- [WORK REQUEST]: Exact transcription, pictures omitted: begin at the top line of the records below and end with the line bearing "Важно е да се".

- [Stored data]:
##########

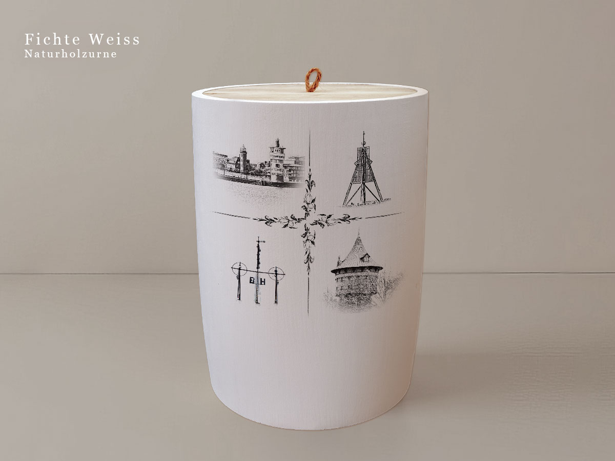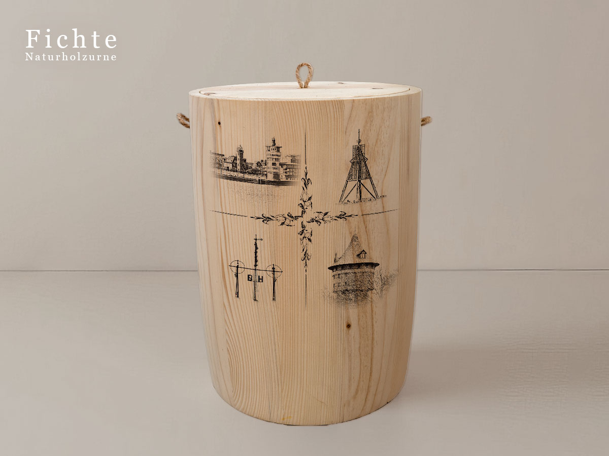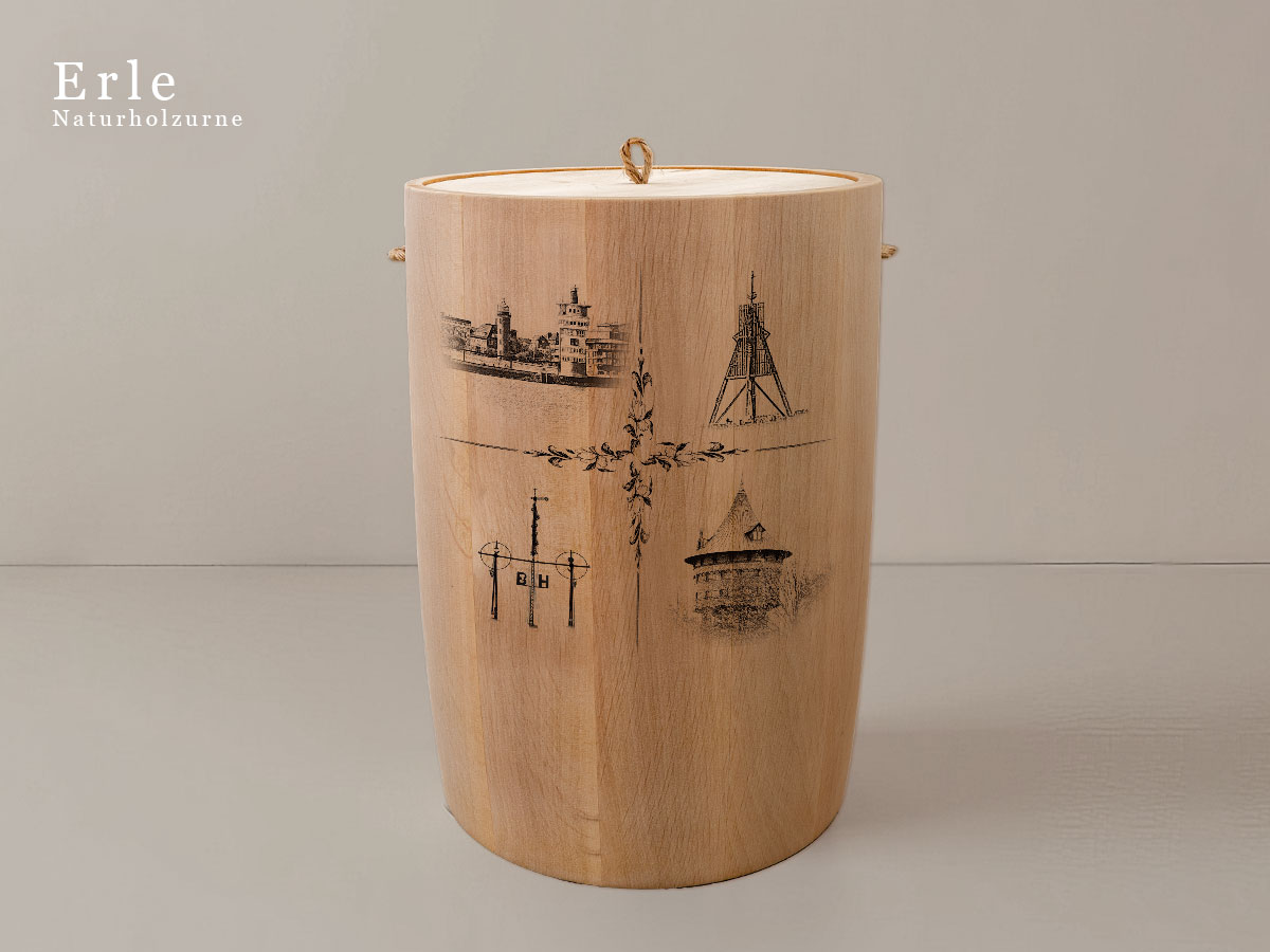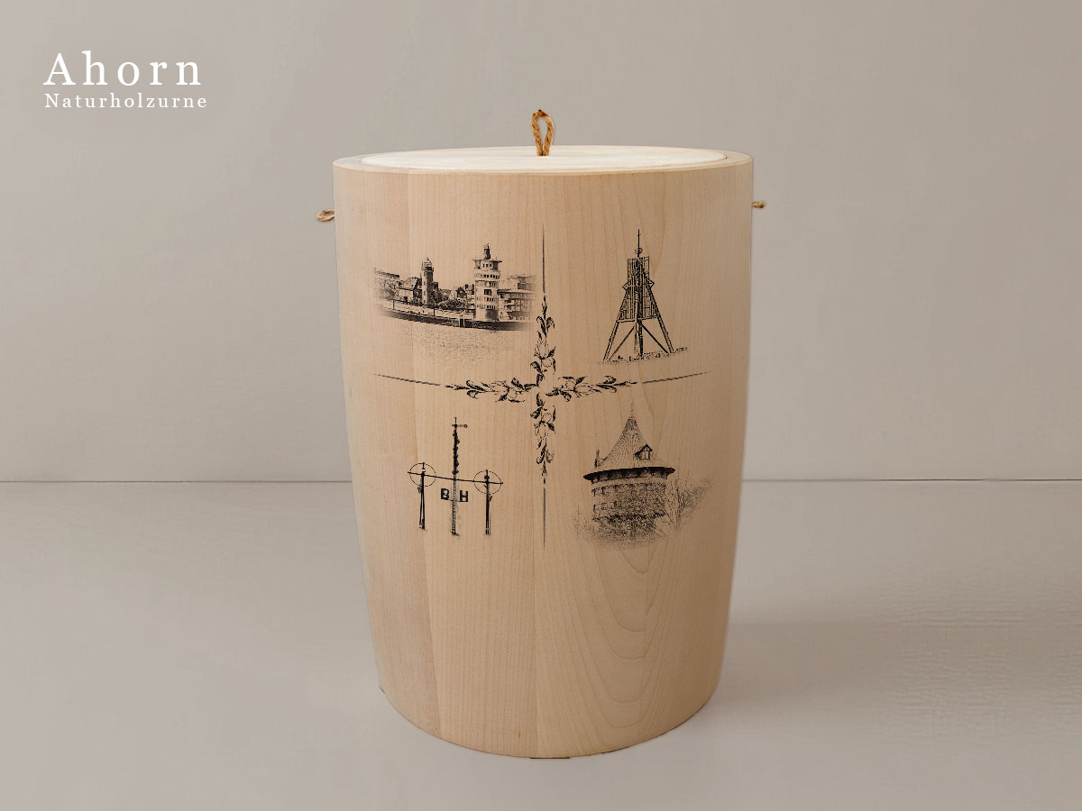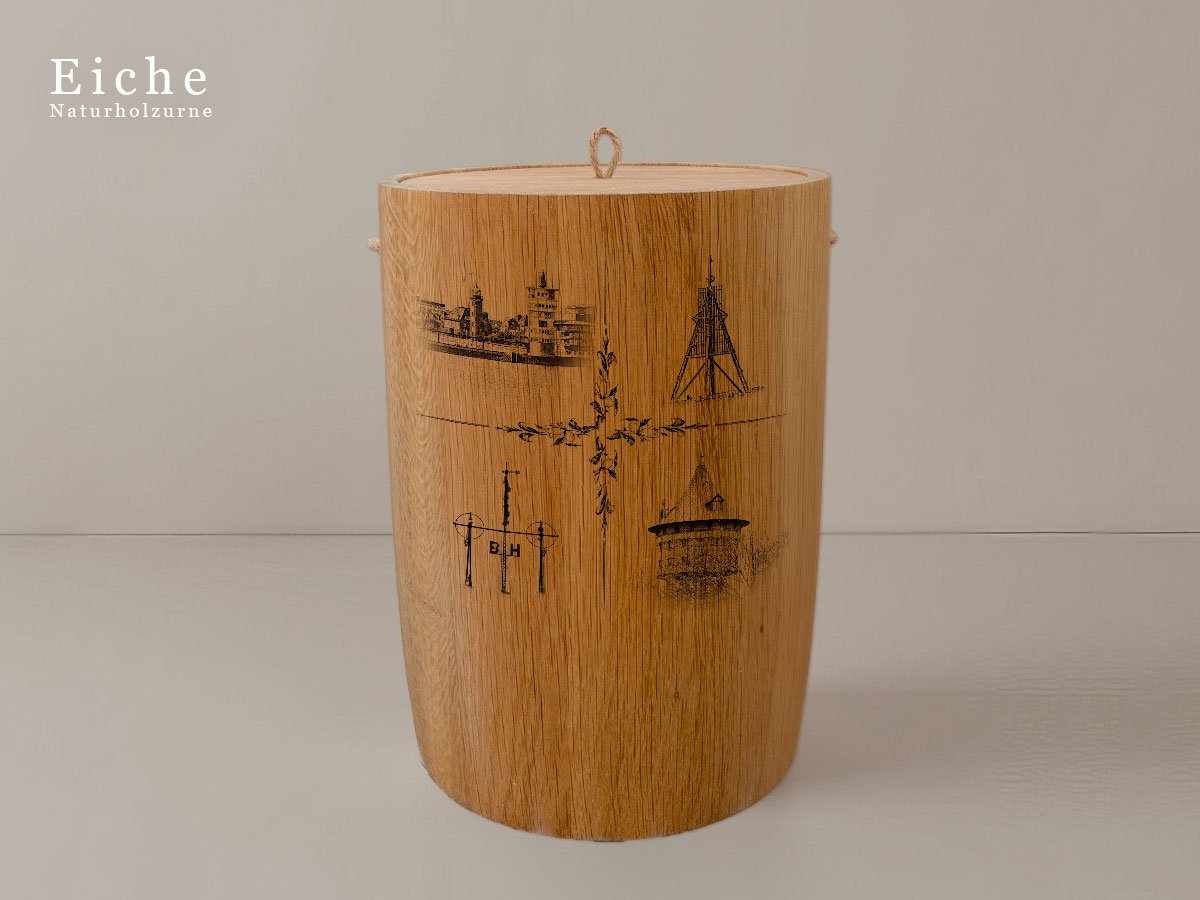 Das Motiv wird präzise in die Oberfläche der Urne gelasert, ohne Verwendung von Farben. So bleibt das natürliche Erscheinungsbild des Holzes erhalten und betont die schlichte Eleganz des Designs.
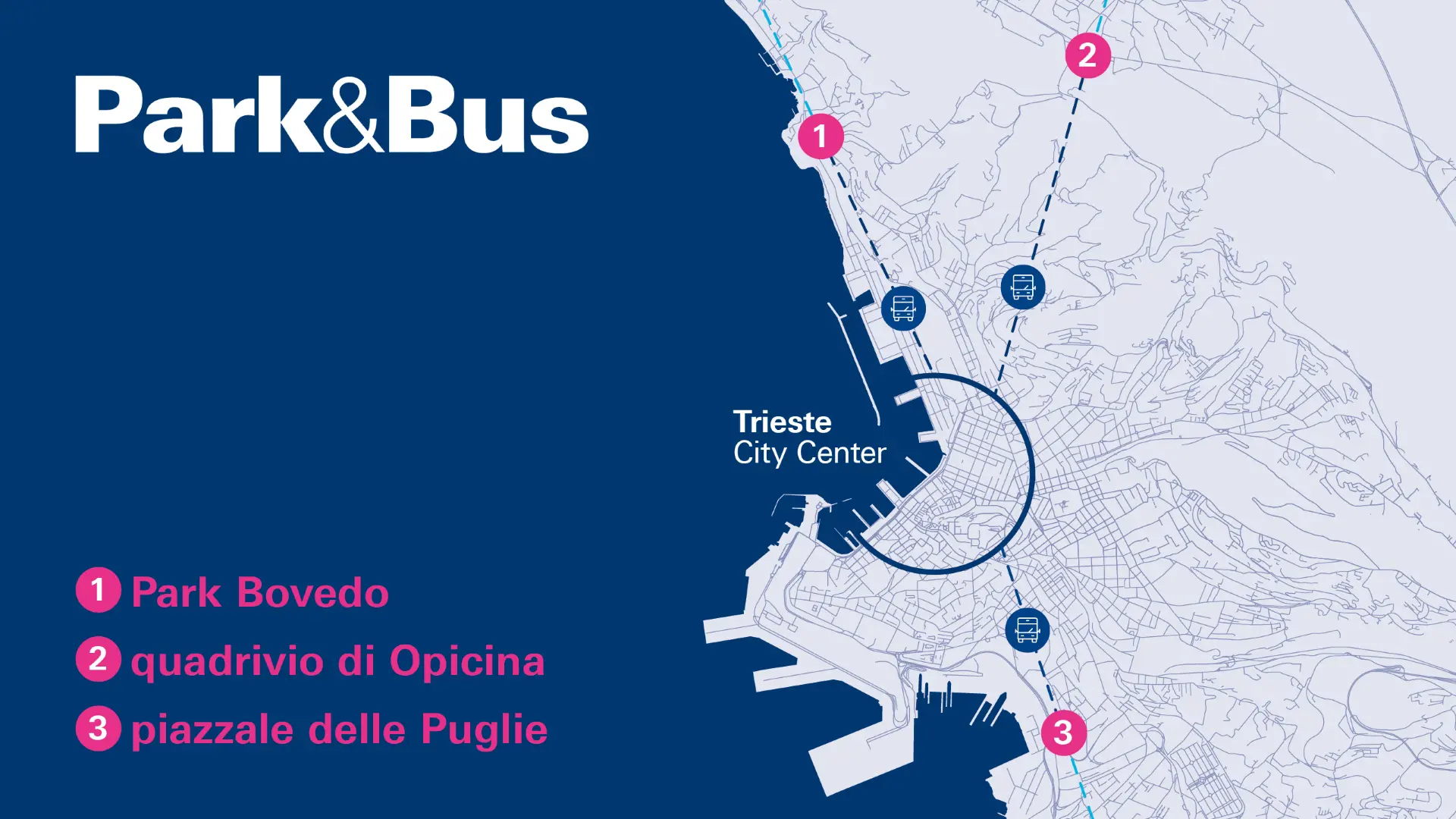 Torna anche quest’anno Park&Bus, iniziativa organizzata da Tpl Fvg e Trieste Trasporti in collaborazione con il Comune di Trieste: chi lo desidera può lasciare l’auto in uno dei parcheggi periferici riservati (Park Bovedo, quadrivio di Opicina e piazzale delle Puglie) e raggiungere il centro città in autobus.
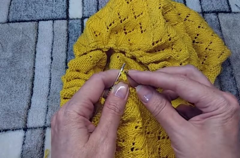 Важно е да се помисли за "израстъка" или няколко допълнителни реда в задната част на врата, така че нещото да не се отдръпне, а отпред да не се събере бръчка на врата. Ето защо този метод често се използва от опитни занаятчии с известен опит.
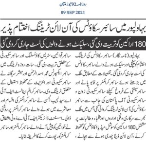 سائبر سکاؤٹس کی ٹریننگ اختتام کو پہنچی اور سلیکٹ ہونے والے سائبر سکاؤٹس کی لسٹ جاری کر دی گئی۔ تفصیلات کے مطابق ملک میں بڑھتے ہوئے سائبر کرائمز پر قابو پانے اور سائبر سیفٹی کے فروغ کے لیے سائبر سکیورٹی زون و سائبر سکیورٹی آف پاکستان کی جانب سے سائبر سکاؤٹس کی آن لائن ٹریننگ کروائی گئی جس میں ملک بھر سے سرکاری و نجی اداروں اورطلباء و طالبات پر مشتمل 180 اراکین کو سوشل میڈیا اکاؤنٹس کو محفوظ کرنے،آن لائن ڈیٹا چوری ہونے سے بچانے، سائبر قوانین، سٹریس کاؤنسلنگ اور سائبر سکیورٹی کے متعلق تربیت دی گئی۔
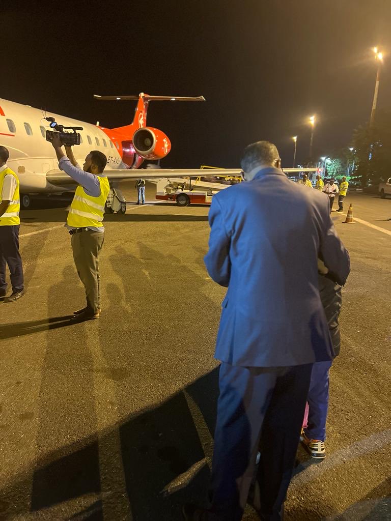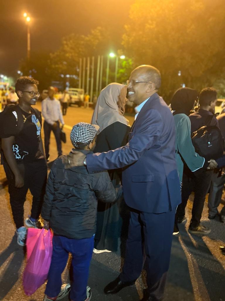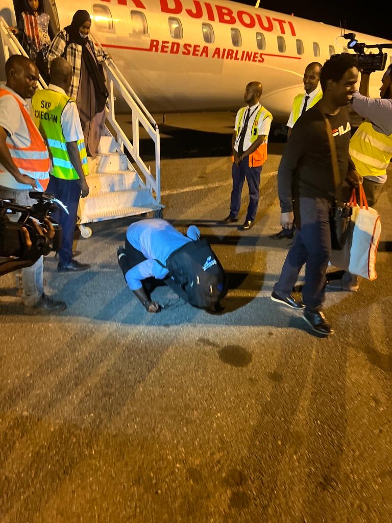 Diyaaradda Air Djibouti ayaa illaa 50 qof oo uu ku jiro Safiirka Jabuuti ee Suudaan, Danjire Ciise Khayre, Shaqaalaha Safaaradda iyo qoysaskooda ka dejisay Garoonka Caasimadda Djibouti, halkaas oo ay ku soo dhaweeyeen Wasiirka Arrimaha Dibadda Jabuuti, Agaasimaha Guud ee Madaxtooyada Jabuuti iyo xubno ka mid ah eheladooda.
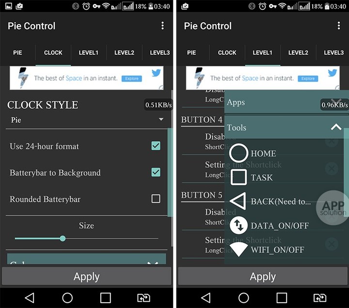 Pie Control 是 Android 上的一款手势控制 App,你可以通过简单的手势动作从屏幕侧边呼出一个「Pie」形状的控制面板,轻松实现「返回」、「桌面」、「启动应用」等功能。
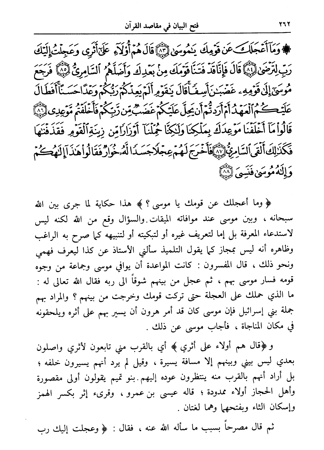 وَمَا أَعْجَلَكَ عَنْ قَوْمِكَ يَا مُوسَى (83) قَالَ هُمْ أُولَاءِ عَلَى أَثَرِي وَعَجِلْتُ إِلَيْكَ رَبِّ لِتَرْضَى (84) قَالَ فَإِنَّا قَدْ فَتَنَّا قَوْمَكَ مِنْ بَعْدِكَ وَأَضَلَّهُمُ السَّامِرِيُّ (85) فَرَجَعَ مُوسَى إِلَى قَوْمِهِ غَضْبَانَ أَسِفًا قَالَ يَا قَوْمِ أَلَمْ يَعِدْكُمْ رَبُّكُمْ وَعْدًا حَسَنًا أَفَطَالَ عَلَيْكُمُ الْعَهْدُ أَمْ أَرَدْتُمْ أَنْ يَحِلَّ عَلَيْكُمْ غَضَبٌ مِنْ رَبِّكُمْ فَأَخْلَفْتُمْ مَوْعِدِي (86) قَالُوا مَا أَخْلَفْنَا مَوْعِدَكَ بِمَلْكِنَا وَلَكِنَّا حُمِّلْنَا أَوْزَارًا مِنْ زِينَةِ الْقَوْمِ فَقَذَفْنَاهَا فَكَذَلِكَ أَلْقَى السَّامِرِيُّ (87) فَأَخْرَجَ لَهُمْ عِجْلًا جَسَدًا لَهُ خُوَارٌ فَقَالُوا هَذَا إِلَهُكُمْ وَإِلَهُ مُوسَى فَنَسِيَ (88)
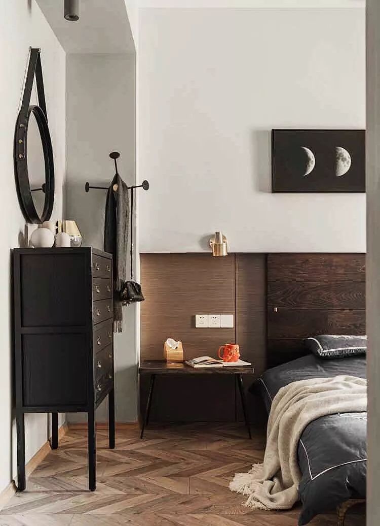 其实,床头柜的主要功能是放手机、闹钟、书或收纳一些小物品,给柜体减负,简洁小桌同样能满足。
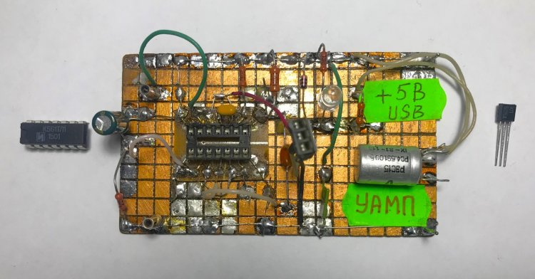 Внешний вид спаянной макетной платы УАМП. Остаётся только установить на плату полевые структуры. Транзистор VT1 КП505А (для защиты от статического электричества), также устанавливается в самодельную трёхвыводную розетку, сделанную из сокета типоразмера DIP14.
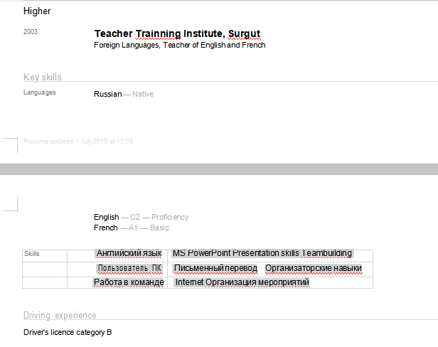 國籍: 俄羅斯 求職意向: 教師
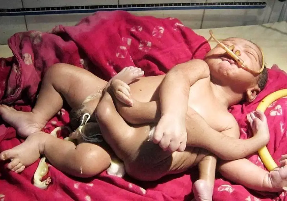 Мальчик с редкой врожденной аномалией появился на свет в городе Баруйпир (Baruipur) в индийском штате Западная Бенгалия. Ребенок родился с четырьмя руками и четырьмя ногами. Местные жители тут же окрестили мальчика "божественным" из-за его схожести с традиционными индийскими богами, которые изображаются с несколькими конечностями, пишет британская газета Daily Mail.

##########

- [RESPONSE TO THIS TASK]:
 Das Motiv wird präzise in die Oberfläche der Urne gelasert, ohne Verwendung von Farben. So bleibt das natürliche Erscheinungsbild des Holzes erhalten und betont die schlichte Eleganz des Designs.
 Torna anche quest’anno Park&Bus, iniziativa organizzata da Tpl Fvg e Trieste Trasporti in collaborazione con il Comune di Trieste: chi lo desidera può lasciare l’auto in uno dei parcheggi periferici riservati (Park Bovedo, quadrivio di Opicina e piazzale delle Puglie) e raggiungere il centro città in autobus.
 Важно е да се помисли за "израстъка" или няколко допълнителни реда в задната част на врата, така че нещото да не се отдръпне, а отпред да не се събере бръчка на врата. Ето защо този метод често се използва от опитни занаятчии с известен опит.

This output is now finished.